Records from a data collection
=====

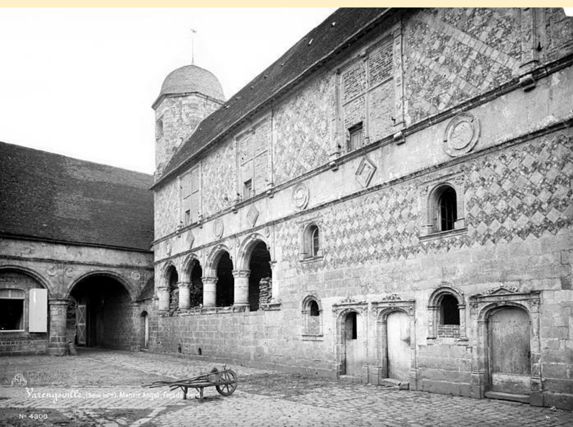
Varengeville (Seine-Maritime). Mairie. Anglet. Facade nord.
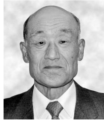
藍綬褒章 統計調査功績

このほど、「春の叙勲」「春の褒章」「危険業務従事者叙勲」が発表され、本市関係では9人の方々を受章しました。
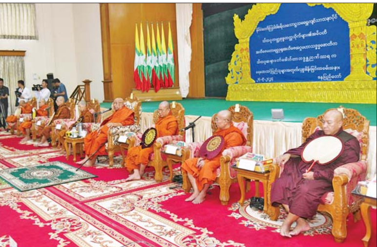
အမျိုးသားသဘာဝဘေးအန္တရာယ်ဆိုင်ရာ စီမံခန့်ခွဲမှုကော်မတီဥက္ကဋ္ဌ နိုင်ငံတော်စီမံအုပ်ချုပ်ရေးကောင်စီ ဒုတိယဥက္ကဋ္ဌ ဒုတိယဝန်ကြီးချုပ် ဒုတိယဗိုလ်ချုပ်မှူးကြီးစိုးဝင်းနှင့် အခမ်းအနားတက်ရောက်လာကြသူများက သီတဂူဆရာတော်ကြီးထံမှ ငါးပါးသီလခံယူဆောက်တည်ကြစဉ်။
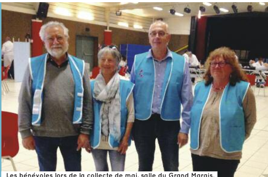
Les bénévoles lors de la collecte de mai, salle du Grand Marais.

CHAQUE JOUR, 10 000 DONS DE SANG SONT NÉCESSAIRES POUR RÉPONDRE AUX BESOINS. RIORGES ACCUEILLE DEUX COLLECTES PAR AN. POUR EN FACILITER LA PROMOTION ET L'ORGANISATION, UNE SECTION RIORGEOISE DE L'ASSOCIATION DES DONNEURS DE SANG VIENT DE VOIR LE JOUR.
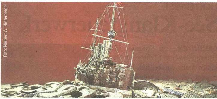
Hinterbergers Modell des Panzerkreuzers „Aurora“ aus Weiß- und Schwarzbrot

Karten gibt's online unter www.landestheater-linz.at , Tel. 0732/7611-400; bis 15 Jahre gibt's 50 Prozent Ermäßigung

=====

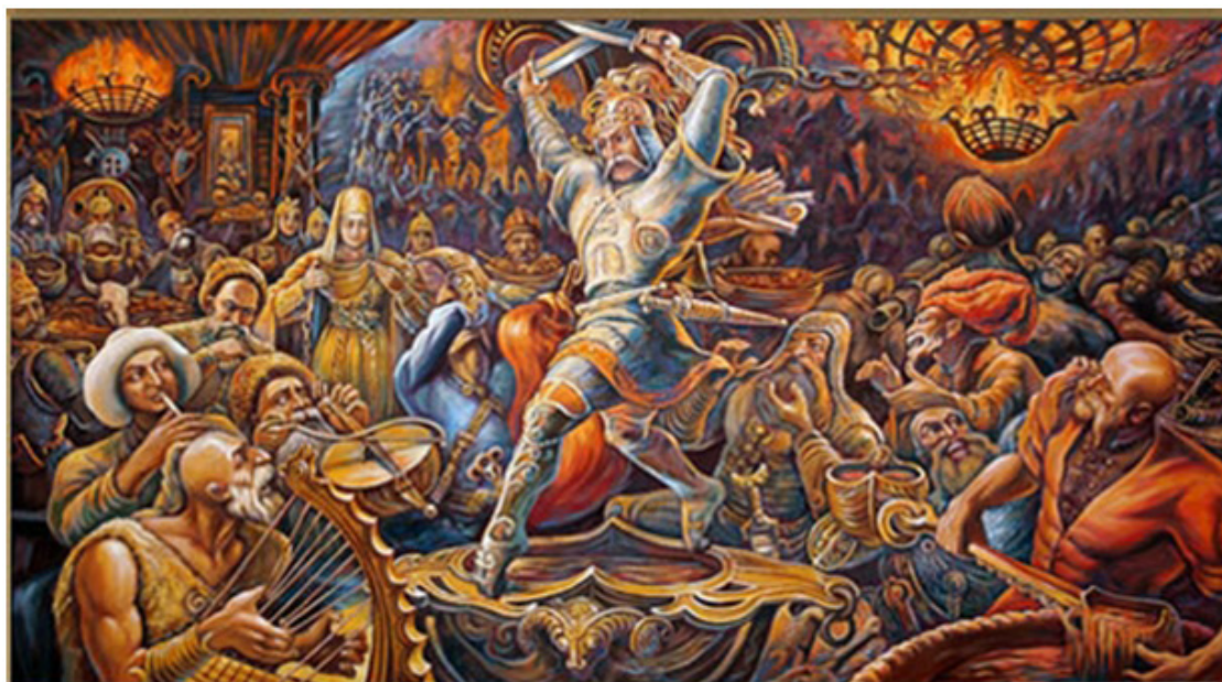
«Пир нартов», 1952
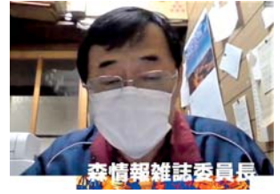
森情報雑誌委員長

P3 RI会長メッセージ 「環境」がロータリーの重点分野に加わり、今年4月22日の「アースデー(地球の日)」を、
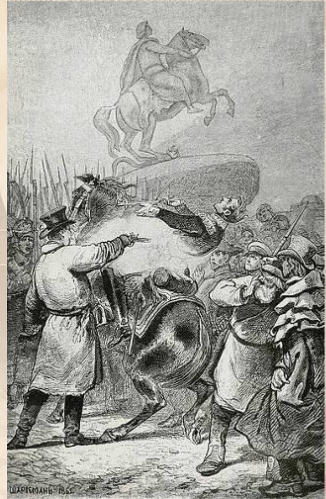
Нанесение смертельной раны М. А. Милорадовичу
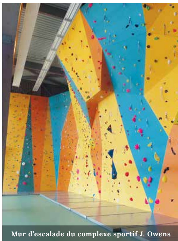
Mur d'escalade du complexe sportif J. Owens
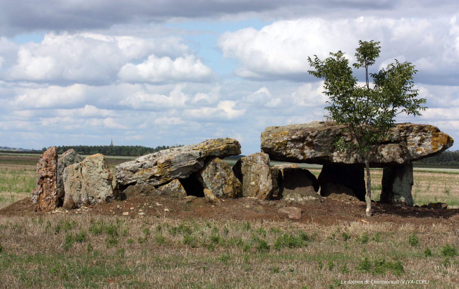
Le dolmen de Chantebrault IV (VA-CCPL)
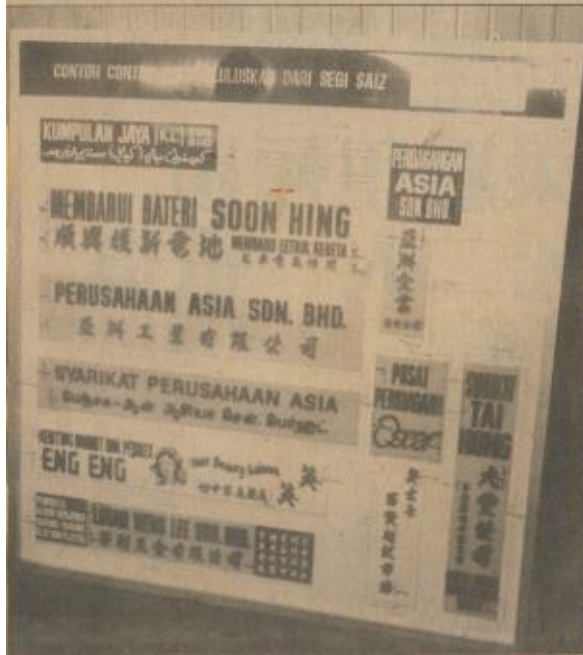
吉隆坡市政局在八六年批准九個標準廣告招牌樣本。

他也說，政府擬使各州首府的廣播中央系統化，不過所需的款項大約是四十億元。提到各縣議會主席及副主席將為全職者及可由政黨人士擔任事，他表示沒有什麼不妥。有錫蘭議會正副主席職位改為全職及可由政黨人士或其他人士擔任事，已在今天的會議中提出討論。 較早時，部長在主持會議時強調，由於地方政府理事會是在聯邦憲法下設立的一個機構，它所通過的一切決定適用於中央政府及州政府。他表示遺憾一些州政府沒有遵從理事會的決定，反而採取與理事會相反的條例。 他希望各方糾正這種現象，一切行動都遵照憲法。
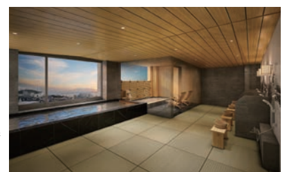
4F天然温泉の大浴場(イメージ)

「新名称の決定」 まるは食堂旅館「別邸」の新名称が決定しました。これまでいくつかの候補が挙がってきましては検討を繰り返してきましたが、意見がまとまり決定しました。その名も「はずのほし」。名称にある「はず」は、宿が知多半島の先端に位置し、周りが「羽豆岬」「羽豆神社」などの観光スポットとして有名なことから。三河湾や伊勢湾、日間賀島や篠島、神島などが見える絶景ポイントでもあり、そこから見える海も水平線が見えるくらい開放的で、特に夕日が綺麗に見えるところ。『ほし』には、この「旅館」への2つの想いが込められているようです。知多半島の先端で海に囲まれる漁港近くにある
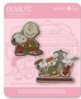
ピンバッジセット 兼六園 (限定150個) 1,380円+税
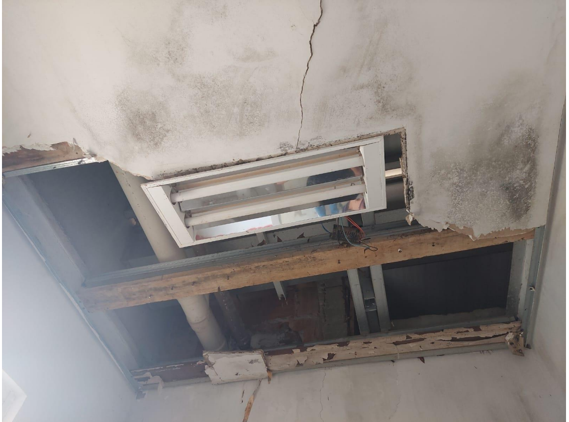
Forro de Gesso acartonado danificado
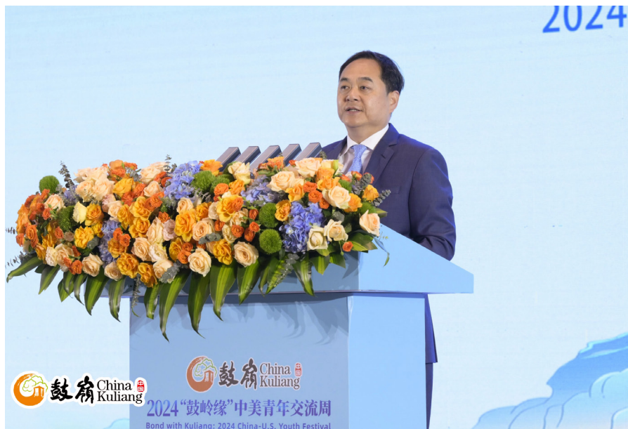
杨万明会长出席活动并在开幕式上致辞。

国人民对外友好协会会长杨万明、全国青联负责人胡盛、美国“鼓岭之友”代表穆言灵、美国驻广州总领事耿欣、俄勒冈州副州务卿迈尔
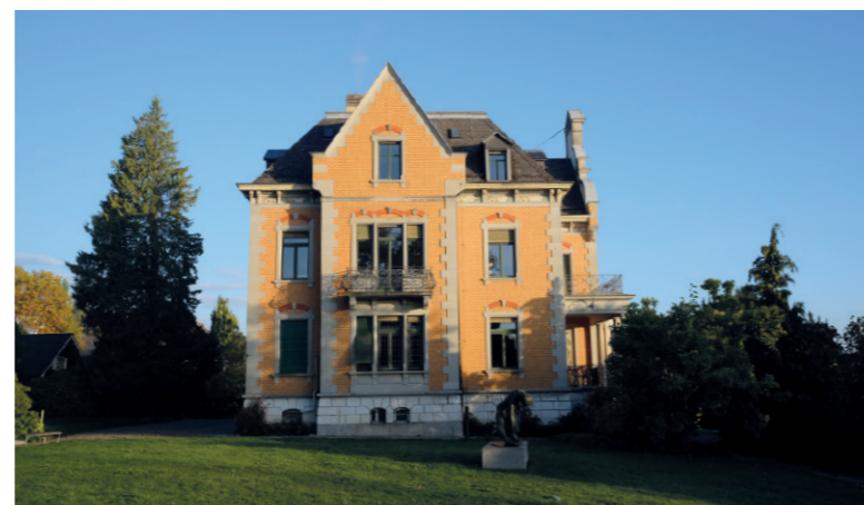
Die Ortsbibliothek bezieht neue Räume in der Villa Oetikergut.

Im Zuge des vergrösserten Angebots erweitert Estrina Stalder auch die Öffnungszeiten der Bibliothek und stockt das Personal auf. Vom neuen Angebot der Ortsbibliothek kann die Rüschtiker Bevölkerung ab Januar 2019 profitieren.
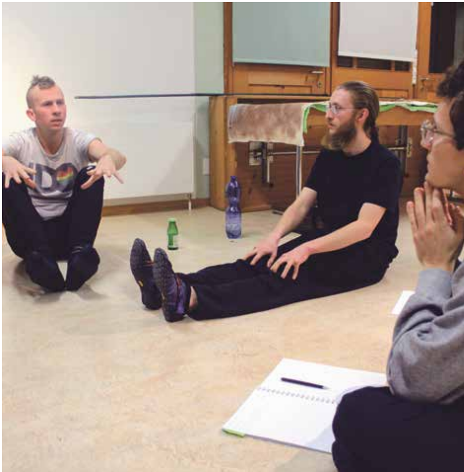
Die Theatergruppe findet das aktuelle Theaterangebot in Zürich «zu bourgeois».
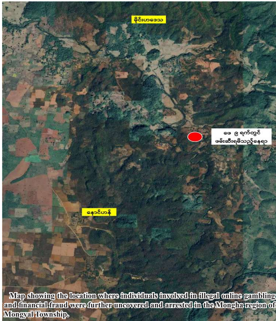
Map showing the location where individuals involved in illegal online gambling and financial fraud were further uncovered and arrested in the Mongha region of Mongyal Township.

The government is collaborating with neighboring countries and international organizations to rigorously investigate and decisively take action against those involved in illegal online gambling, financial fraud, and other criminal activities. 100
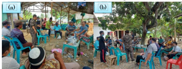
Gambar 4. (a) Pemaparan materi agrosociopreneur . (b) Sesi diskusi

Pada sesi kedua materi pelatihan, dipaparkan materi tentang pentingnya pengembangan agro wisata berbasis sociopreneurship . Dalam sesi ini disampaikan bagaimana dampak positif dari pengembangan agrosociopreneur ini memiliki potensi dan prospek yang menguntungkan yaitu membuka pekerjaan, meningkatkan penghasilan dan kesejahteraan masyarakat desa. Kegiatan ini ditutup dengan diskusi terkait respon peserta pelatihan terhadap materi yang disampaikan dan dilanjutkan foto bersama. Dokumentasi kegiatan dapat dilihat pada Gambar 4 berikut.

=====

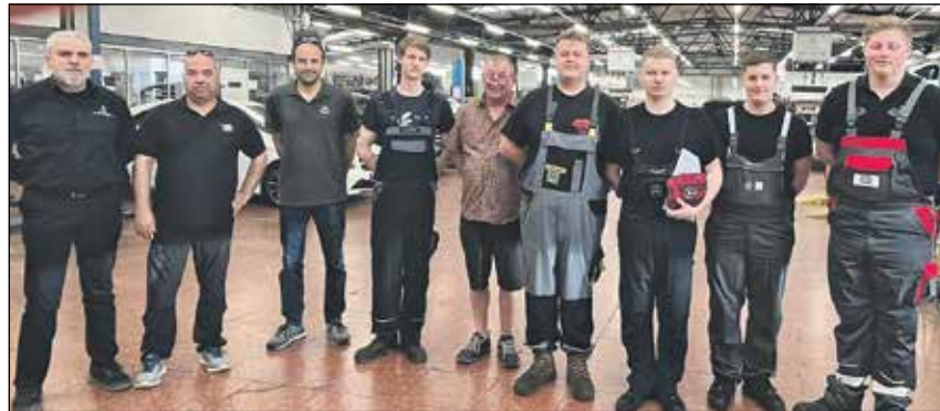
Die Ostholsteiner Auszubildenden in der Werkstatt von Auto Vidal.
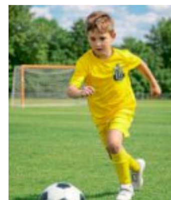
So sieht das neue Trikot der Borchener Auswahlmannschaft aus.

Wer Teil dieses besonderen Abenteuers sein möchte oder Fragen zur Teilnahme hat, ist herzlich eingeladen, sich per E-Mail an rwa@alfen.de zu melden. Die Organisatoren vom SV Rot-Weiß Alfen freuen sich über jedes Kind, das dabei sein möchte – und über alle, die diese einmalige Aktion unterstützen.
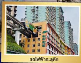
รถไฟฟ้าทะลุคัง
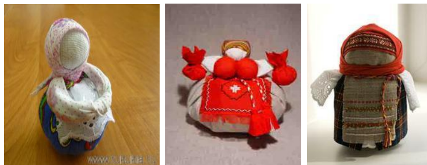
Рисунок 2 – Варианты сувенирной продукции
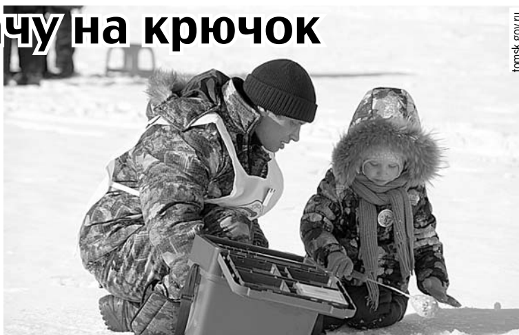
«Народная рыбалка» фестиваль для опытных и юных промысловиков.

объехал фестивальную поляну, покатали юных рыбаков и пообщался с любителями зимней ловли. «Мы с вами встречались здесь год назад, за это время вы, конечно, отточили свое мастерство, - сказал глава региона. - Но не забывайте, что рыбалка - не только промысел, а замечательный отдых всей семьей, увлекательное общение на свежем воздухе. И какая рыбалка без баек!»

=====

The task ▸
Reproduce the data above exactly, but only the lines from the one showing "ピンバッジセット 兼六園 (限定150個) 1,380円+税" through the one showing "Die Ortsbibliothek bezieht", with both ends kept and the pictures left out.

Written response ▸
ピンバッジセット 兼六園 (限定150個) 1,380円+税
Forro de Gesso acartonado danificado
杨万明会长出席活动并在开幕式上致辞。

国人民对外友好协会会长杨万明、全国青联负责人胡盛、美国“鼓岭之友”代表穆言灵、美国驻广州总领事耿欣、俄勒冈州副州务卿迈尔
Die Ortsbibliothek bezieht neue Räume in der Villa Oetikergut.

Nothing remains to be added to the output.